_WHAT TO DO_
Return, unchanged and with no pictures, the lines below from the very first through the one that contains "Neon Billiard Balls".

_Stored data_
■ ■ ■

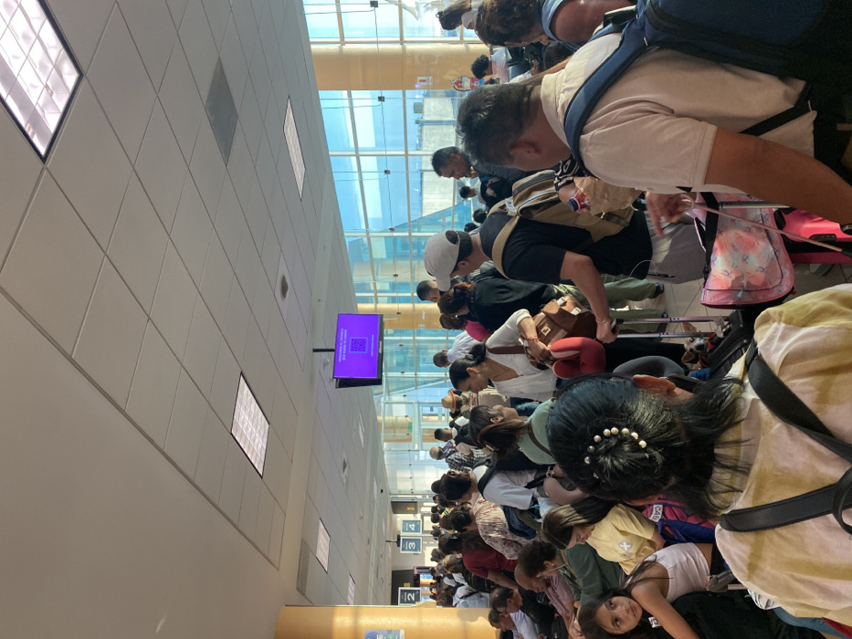 The scene takes place inside the Jorge Chávez International Airport in Callao, Peru, located at coordinates -12.026 latitude and -77.108 longitude. A large group of people are gathered in the waiting area, with the majority of them standing. Some are seated on benches and chairs, and some are walking around. There are many suitcases, backpacks, and other personal belongings scattered throughout the area. The people appear to be waiting for a flight or other transportation. The scene is brightly lit with natural light coming from large windows. An electronic sign is hanging from the ceiling with text that is too small to read.
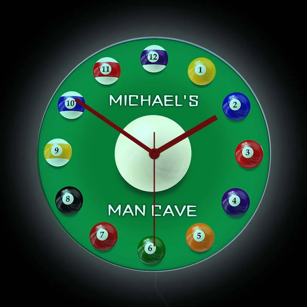 Neon Billiard Balls Wall Clock – LED Illuminated Glow in Dark Clock for Playroom, Bar, Snooker Game
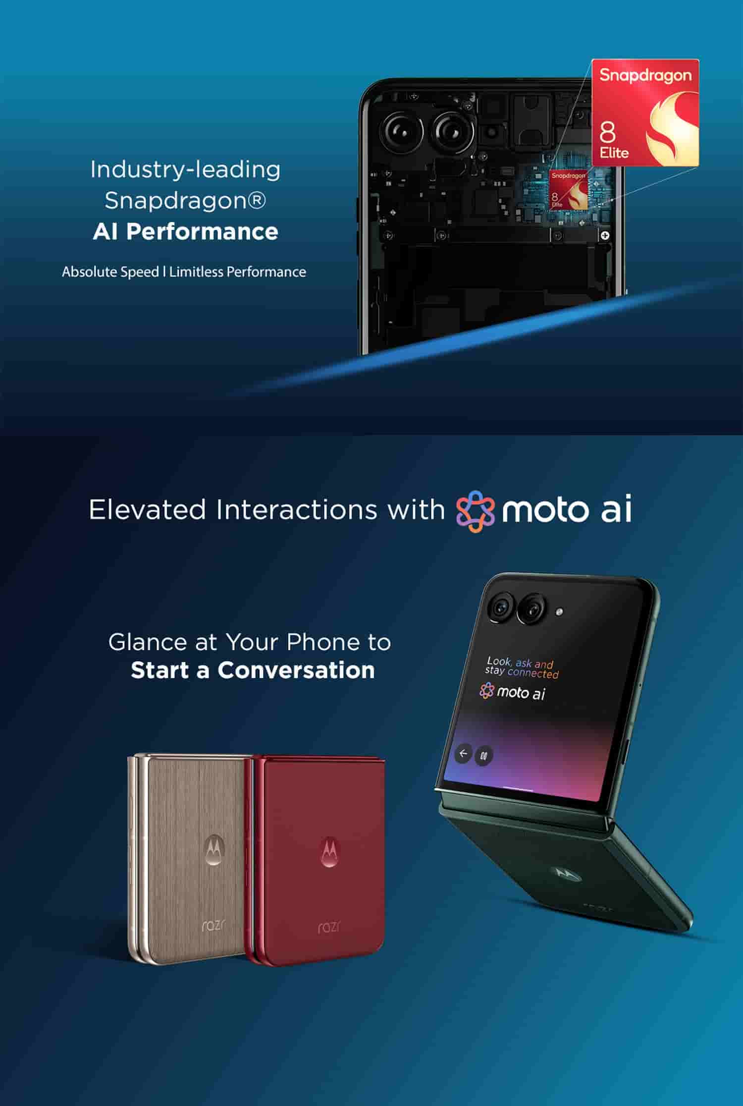 Although it reveals some specifications, the launch date is not mentioned. However, we can expect it to launch sometime this month, as the entire month of May still lies ahead. The Amazon microsite teases it as the “world’s most powerful AI flip phone” powered by Snapdragon 8 elite. It also confirms the presence of Moto AI. Additionally, the site shows three colour options for India — PANTONE Mountain Trail, PANTONE Rio Red, and PANTONE Scarab, unlike the global model, which comes in four colours.
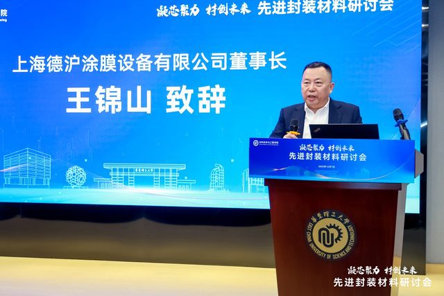 近日,“凝芯聚力 材创未来”先进封装材料研讨会在学校顺利召开,副校长李春忠出席会议并讲话。我校校友、上海德沪涂膜设备有限公司董事长王锦山应邀出席会议。校内外相关领域8位科研院所和企业专家学者,130余名师生参加研讨会。开幕式由材料学院党委书记袁媛主持。
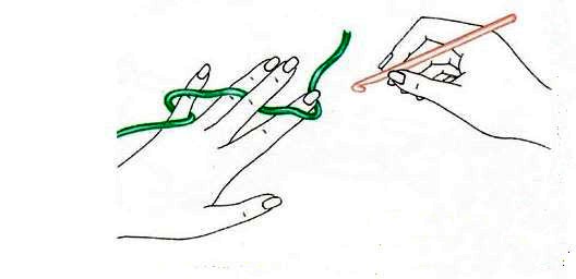 Описание – для правшей, если вы левша, то все действия повторяете зеркально. Итак, крючок мы держим в правой руке – см. фото. Придерживаем его указательным и большим пальцами, как ручку или карандаш. Локти и кисти рук при этом должны двигаться свободно. Конец нити, пропускаем между мизинцем и безымянным пальцем, делаем оборот. Затем протягиваем над пальцами и заводим между безымянным и средним пальчиком.

■ ■ ■

_TASK ANSWER_
 The scene takes place inside the Jorge Chávez International Airport in Callao, Peru, located at coordinates -12.026 latitude and -77.108 longitude. A large group of people are gathered in the waiting area, with the majority of them standing. Some are seated on benches and chairs, and some are walking around. There are many suitcases, backpacks, and other personal belongings scattered throughout the area. The people appear to be waiting for a flight or other transportation. The scene is brightly lit with natural light coming from large windows. An electronic sign is hanging from the ceiling with text that is too small to read.
 Neon Billiard Balls Wall Clock – LED Illuminated Glow in Dark Clock for Playroom, Bar, Snooker Game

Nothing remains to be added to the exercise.